Осенью 1908 года Комаровский познакомился здесь с Н. Гумилевым, жившим этажом выше, а чуть позже – с А. Ахматовой.
Комаровский был в дружеских отношениях с Анной Ахматовой, между ними велась своеобразная стихотворная "переписка". Сохранилась дарственная надпись Косаровского Ахматовой: "Мадам Гипатии - мои симпатии".
Первое стихотворение, обращённое к Ахматовой, было опубликовано в журнале «Аполлон» (№ 8 за 1913 год):
Видел тебя красивой лишь раз.
Как дымное море,
Сини глаза. Счастливо лицо.
Печальна походка.
Май в то время зацвёл,
И воздух светом и солью
Был растворён.

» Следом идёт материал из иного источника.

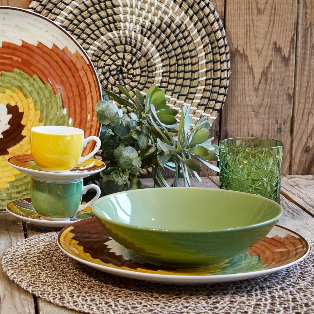 Fade 18-delni set krožnikov Batik je izdelan iz kakovostnega porcelana v zemeljskih barvah in ročno poslikanim vzorcem navdihnjen s slavno proizvodnjo ratana in pisanih okraskov. 18-delno garnituro sestavlja 6 plitvih krožnikov premera 27 cm, 6 globokih krožnikov s premerom 20 cm in višino 4,5 cm in 6 malih krožnikov s premerom 20 cm. Krožniki iz porcelana so primerni za rabo v mikrovalovni pečici in pomivalnem stroju.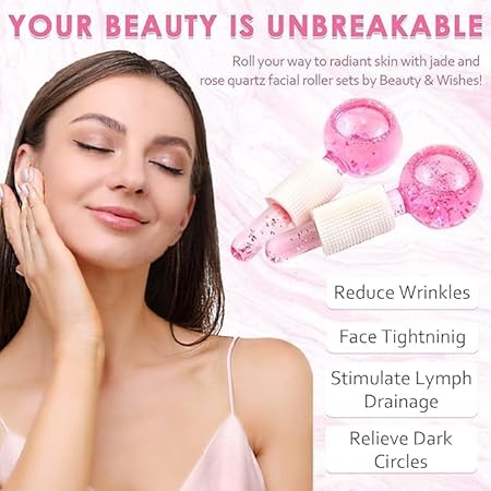 - Gently roll the ice globes in upward motion on your cheeks, jawline, and forehead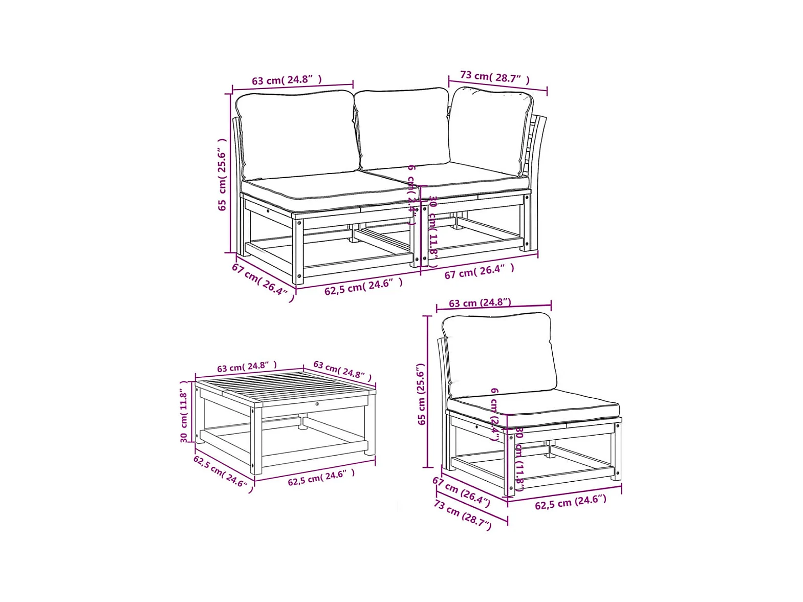 Mobili da giardino 4 pezzi con cuscini Legno massello di acacia
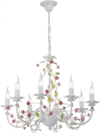 Подвесная люстра V1796-0/8 от российского бренда Vitaluce в виде подсвечника со свечами и цветами изготовлена из металла в белом цвете. Стиль – классический, флористика. Подходит для установки на потолке в гостиной, кафе, холле, спальне, на кухне, рассчитана на лампочки с цоколем 8xE14 мощностью 320 Вт. Освещаемая площадь до 24 кв. м. Питание от сети 220 В. Способ крепления – металлический крюк. Габариты: длина 680 мм, ширина 680 мм, высота 850 мм. Дополнительные функции: есть возможность регулировки по высоте, регулировка по высоте. Заказывайте Vitaluce V1796-0/8 онлайн по низкой цене с гибкими условиями доставки на Fedomo.ru!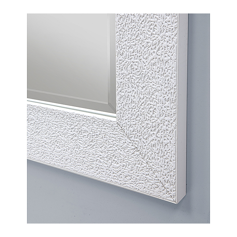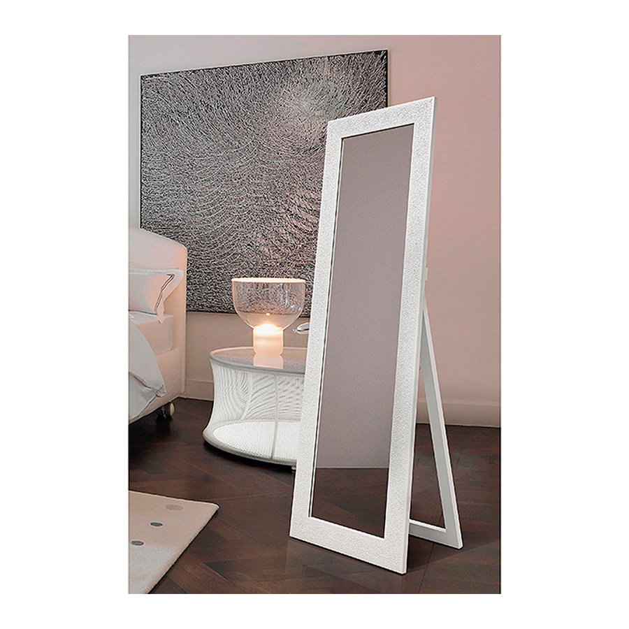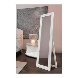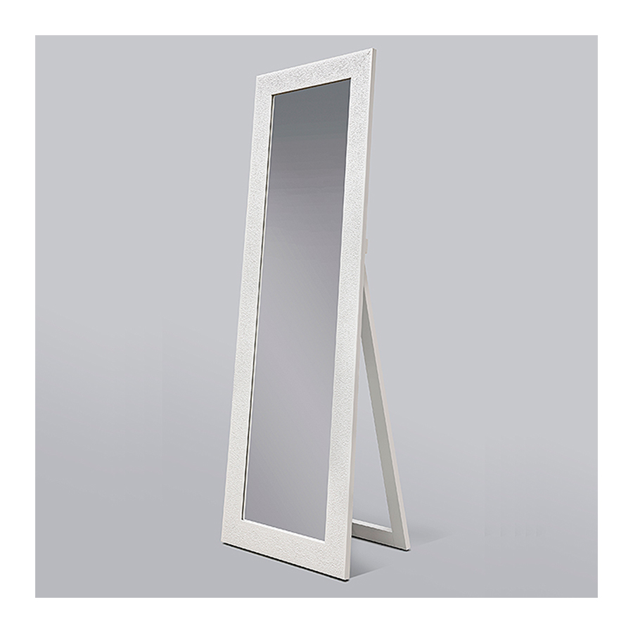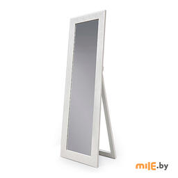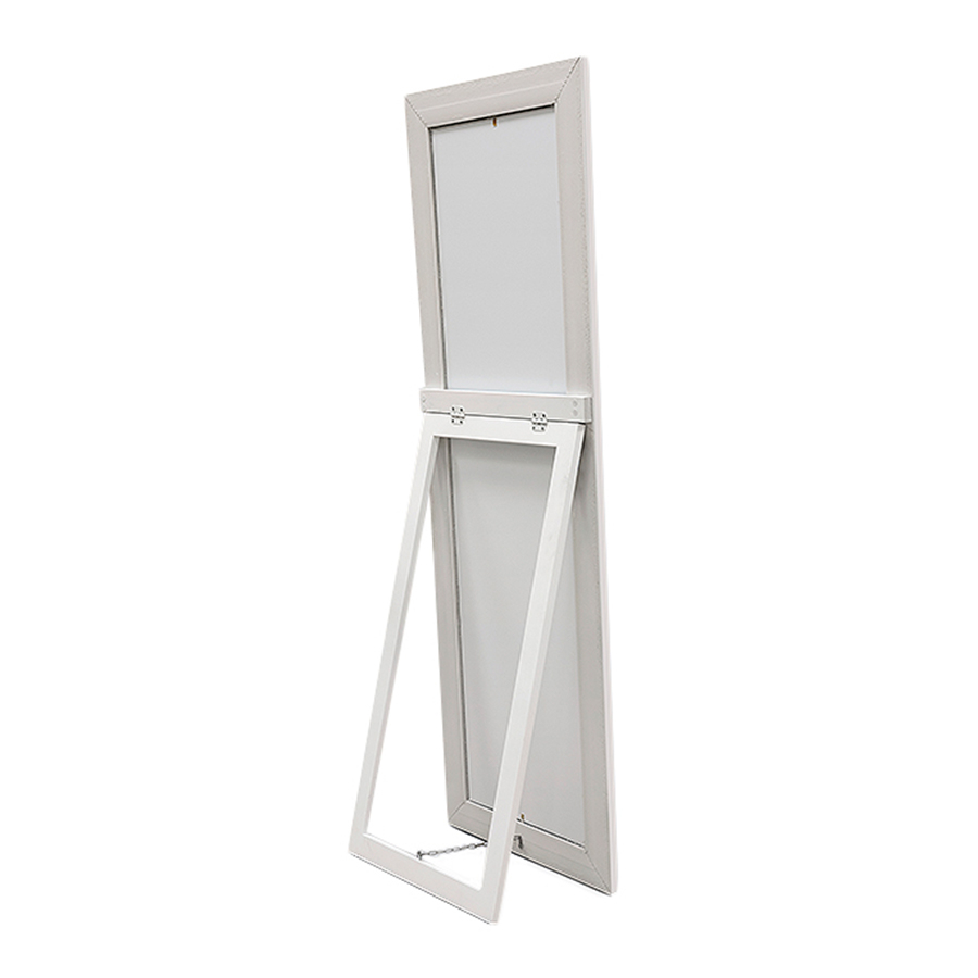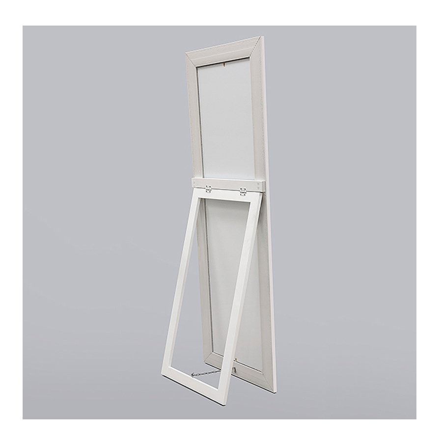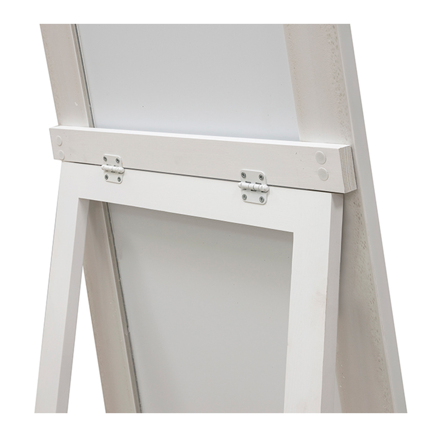 Обработка: багетная рама, цвет багета - белый, материал багета - пластик, силиконовые прокладки для защиты пола; с обратной стороны устойчивая деревянная опора, регулировка наклона зеркала в помощью цепочки.

Сияла Нева.
Теплом и весною
Робкою грудью
Усталые люди дышали.
Ты была влюблена,
Повинуясь властному солнцу,
И ждала -
А сердце, сгорая, пело надеждой.
Я же, случайно увидев только завесу,
Помню тот день.
Тебя ли знаю и помню?
Или это лишь молодость –
Общая чаша?
Анна Ахматова ответила в январе 1914 года:
В последний раз мы встретились тогда
На набережной, где всегда встречались.
Была в Неве высокая вода,
И наводненья в городе боялись.
Он говорил о лете и о том,
Что быть поэтом женщине – нелепость.
Как я запомнила высокий царский дом
И Петропавловскую крепость!
Затем, что воздух был совсем не наш,
А как подарок Божий – так чудесен.
И в этот час была мне отдана
Последняя из всех безумных песен.
Когда в марте 1914 года вышел сборник Ахматовой «Чётки», Комаровский написал ей поздравительные стихи:
В полуночи, осыпанной золою,
В условии сердечной тесноты,
Над тёмною и серою землёю
Вам эвкалипт раскрыл свои цветы.
И утренней порой голубоокой
Тоской весны ещё некрепкий ствол,
Он нежностью, исторгнутой жестоко,
Среди камней недоумённо цвёл.
Вот славы день. Искусно или больно
Перед людьми разбито на куски
И что взято рукою богомольно,
И что дано бесчувствием руки.
Очередное посвящение Комаровскому Ахматова так и назвала – «Ответ»:
Какие странные слова
Принёс мне тихий день апреля.
Ты знал: во мне ещё жива
Страстная, страшная неделя.
Я не слыхала звонов тех,
Что плавали в лазури чистой.
Семь дней звучал то медный смех,
То плач струился серебристый.
А я, закрыв лицо моё,
Как перед вечною разлукой,
Лежала и ждала её,
Ещё не названною мукой.
Многие стихи Комаровского, возможно, навеяны дружбой с Ахматовой.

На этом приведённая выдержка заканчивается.